(MATERIAL SUPPLIED Opens)
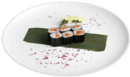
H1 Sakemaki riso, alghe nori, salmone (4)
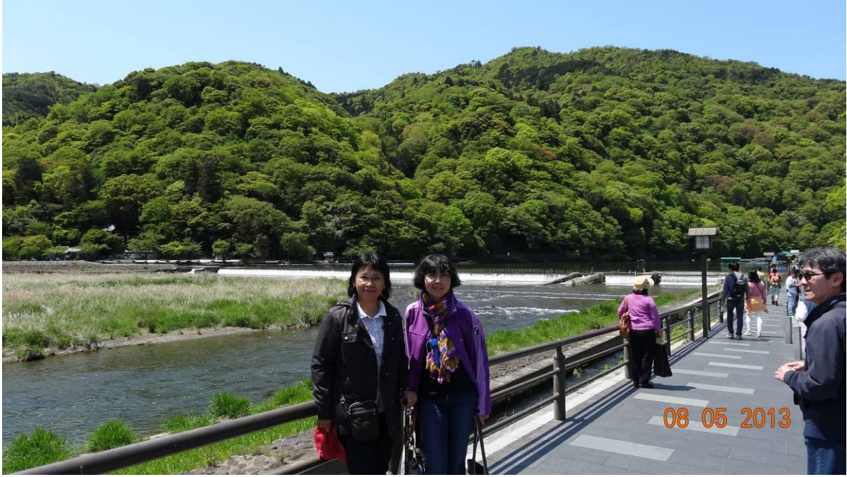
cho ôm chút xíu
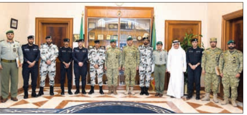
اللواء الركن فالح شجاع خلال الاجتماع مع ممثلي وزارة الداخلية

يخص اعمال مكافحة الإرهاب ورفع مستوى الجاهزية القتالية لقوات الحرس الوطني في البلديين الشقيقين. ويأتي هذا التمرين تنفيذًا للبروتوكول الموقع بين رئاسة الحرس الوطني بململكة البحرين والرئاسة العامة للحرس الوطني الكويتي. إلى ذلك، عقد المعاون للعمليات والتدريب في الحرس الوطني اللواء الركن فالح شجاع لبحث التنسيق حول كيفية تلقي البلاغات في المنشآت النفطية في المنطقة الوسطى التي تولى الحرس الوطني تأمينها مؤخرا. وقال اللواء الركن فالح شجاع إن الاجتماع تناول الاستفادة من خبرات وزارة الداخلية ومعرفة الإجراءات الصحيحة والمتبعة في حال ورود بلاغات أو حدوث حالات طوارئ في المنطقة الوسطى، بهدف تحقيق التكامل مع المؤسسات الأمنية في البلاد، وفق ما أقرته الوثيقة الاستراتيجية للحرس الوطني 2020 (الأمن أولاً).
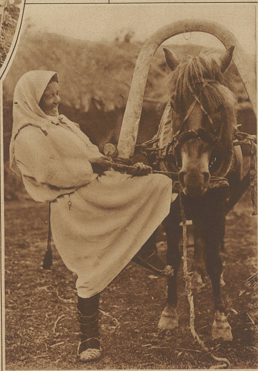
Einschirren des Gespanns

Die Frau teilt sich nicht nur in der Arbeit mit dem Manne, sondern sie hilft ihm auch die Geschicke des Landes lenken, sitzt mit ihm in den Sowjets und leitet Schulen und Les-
(MATERIAL SUPPLIED Closes)
TASK DETAILS => Beginning at the line that holds "اللواء الركن فالح شجاع خلال" and ending with the last line of the entries, please set down each line exactly, leaving every picture out.

EXERCISE SOLUTION =>
اللواء الركن فالح شجاع خلال الاجتماع مع ممثلي وزارة الداخلية

يخص اعمال مكافحة الإرهاب ورفع مستوى الجاهزية القتالية لقوات الحرس الوطني في البلديين الشقيقين. ويأتي هذا التمرين تنفيذًا للبروتوكول الموقع بين رئاسة الحرس الوطني بململكة البحرين والرئاسة العامة للحرس الوطني الكويتي. إلى ذلك، عقد المعاون للعمليات والتدريب في الحرس الوطني اللواء الركن فالح شجاع لبحث التنسيق حول كيفية تلقي البلاغات في المنشآت النفطية في المنطقة الوسطى التي تولى الحرس الوطني تأمينها مؤخرا. وقال اللواء الركن فالح شجاع إن الاجتماع تناول الاستفادة من خبرات وزارة الداخلية ومعرفة الإجراءات الصحيحة والمتبعة في حال ورود بلاغات أو حدوث حالات طوارئ في المنطقة الوسطى، بهدف تحقيق التكامل مع المؤسسات الأمنية في البلاد، وفق ما أقرته الوثيقة الاستراتيجية للحرس الوطني 2020 (الأمن أولاً).
Einschirren des Gespanns

Die Frau teilt sich nicht nur in der Arbeit mit dem Manne, sondern sie hilft ihm auch die Geschicke des Landes lenken, sitzt mit ihm in den Sowjets und leitet Schulen und Les-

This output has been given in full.